[Opening SUPPLIED MATERIAL section]

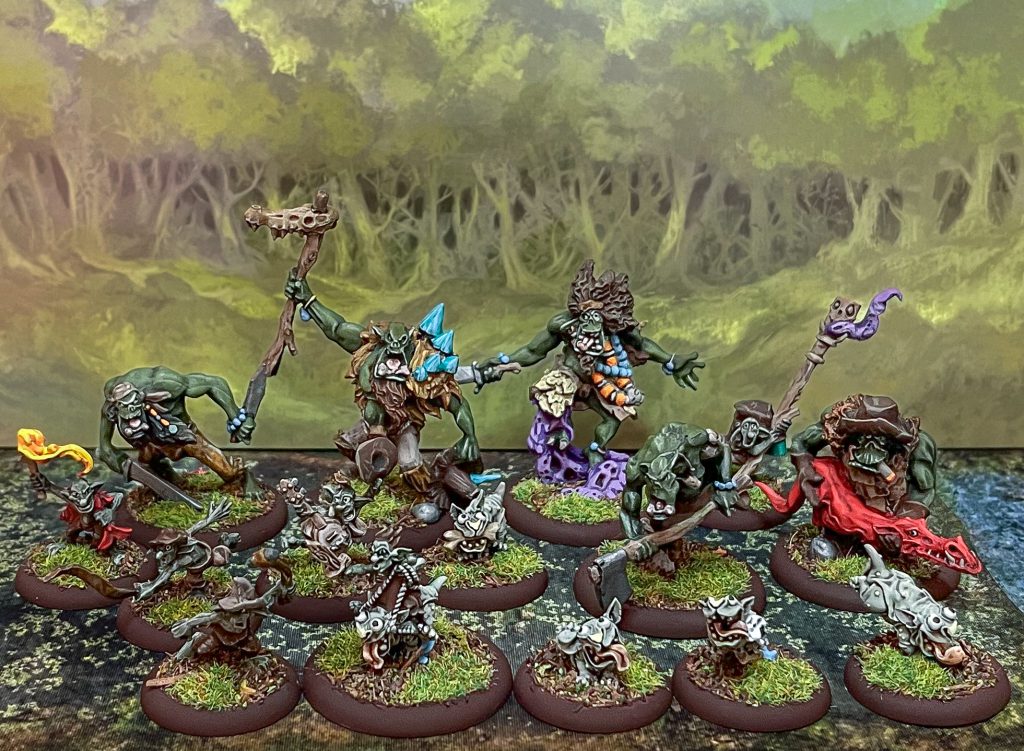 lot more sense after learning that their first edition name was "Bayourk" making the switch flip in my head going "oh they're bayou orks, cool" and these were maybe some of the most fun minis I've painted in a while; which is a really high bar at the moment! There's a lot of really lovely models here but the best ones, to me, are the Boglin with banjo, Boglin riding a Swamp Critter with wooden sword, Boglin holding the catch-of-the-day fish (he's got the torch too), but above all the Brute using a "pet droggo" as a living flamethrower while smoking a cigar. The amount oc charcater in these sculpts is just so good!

[Closing SUPPLIED MATERIAL section]
[Opening SUPPLIED MATERIAL section]

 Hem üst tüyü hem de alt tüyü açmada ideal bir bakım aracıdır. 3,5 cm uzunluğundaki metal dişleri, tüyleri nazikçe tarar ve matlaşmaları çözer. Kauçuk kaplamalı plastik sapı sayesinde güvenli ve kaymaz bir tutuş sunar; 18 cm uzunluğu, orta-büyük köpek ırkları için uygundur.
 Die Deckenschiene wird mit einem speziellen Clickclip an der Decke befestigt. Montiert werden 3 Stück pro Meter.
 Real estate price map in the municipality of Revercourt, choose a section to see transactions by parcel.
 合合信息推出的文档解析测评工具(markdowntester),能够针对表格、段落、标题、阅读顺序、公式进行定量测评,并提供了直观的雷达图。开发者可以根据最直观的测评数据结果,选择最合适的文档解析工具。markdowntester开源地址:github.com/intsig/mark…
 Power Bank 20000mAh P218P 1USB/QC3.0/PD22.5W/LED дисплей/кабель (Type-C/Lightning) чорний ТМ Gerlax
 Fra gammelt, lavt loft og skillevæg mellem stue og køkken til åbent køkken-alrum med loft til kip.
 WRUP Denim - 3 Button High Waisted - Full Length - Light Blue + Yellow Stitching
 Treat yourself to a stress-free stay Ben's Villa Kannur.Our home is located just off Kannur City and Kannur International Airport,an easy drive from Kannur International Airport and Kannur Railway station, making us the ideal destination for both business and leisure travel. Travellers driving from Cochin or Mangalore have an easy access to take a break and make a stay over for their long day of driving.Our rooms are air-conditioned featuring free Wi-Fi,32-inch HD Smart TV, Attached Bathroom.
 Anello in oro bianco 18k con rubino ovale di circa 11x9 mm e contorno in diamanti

[Closing SUPPLIED MATERIAL section]

*ASSIGNMENT*.
Return word for word the lines above from the line with "Treat yourself to" to the line with "Anello in oro", including both and leaving out all others.

*RESPONSE FOR THIS EXERCISE*.
 Treat yourself to a stress-free stay Ben's Villa Kannur.Our home is located just off Kannur City and Kannur International Airport,an easy drive from Kannur International Airport and Kannur Railway station, making us the ideal destination for both business and leisure travel. Travellers driving from Cochin or Mangalore have an easy access to take a break and make a stay over for their long day of driving.Our rooms are air-conditioned featuring free Wi-Fi,32-inch HD Smart TV, Attached Bathroom.
 Anello in oro bianco 18k con rubino ovale di circa 11x9 mm e contorno in diamanti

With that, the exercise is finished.